Activity: Look in the listing below for the line that has "La baleine est un", then return it and each following line up to and including the one with "I offer mehendi", exactly and without pictures.

Records for the exercise:
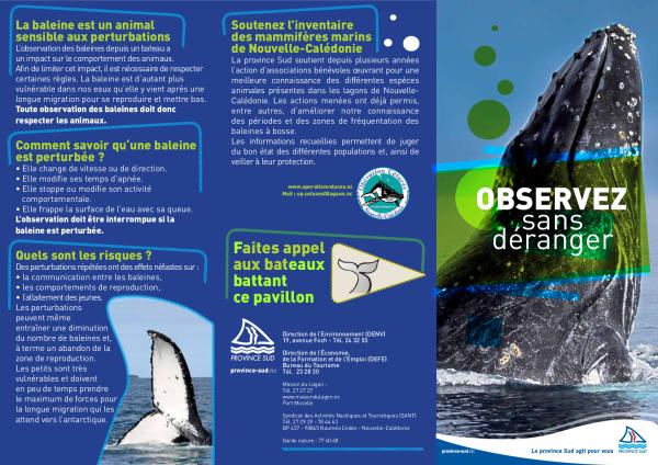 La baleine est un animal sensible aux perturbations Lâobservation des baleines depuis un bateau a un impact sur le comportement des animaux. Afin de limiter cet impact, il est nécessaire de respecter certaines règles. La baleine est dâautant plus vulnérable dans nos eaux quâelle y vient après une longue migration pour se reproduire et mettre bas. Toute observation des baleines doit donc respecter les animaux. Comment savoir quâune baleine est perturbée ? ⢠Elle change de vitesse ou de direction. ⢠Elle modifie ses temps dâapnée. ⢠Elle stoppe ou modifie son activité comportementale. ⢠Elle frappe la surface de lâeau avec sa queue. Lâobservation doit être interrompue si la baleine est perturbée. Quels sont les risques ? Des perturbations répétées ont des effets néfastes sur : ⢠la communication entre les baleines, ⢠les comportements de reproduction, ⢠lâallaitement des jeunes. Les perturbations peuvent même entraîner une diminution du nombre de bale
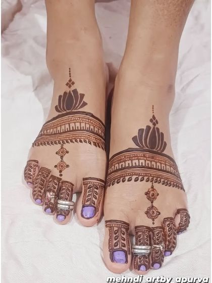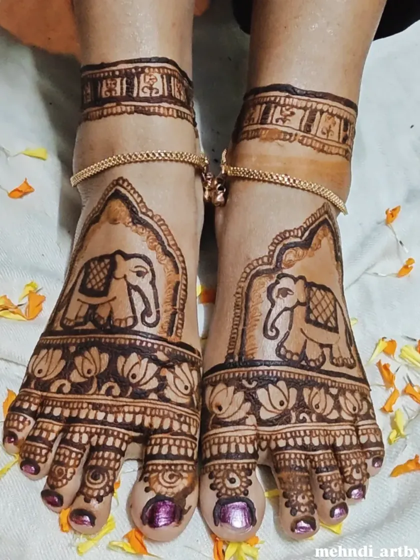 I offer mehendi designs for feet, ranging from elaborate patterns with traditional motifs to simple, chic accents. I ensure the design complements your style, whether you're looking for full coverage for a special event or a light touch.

---

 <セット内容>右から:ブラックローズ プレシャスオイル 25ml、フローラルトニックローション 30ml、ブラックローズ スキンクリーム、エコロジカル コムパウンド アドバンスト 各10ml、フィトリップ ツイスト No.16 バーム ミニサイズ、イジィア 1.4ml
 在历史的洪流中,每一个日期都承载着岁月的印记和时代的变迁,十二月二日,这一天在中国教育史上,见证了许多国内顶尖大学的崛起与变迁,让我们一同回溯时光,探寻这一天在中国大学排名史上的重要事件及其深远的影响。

Result for this task:
 La baleine est un animal sensible aux perturbations Lâobservation des baleines depuis un bateau a un impact sur le comportement des animaux. Afin de limiter cet impact, il est nécessaire de respecter certaines règles. La baleine est dâautant plus vulnérable dans nos eaux quâelle y vient après une longue migration pour se reproduire et mettre bas. Toute observation des baleines doit donc respecter les animaux. Comment savoir quâune baleine est perturbée ? ⢠Elle change de vitesse ou de direction. ⢠Elle modifie ses temps dâapnée. ⢠Elle stoppe ou modifie son activité comportementale. ⢠Elle frappe la surface de lâeau avec sa queue. Lâobservation doit être interrompue si la baleine est perturbée. Quels sont les risques ? Des perturbations répétées ont des effets néfastes sur : ⢠la communication entre les baleines, ⢠les comportements de reproduction, ⢠lâallaitement des jeunes. Les perturbations peuvent même entraîner une diminution du nombre de bale
 I offer mehendi designs for feet, ranging from elaborate patterns with traditional motifs to simple, chic accents. I ensure the design complements your style, whether you're looking for full coverage for a special event or a light touch.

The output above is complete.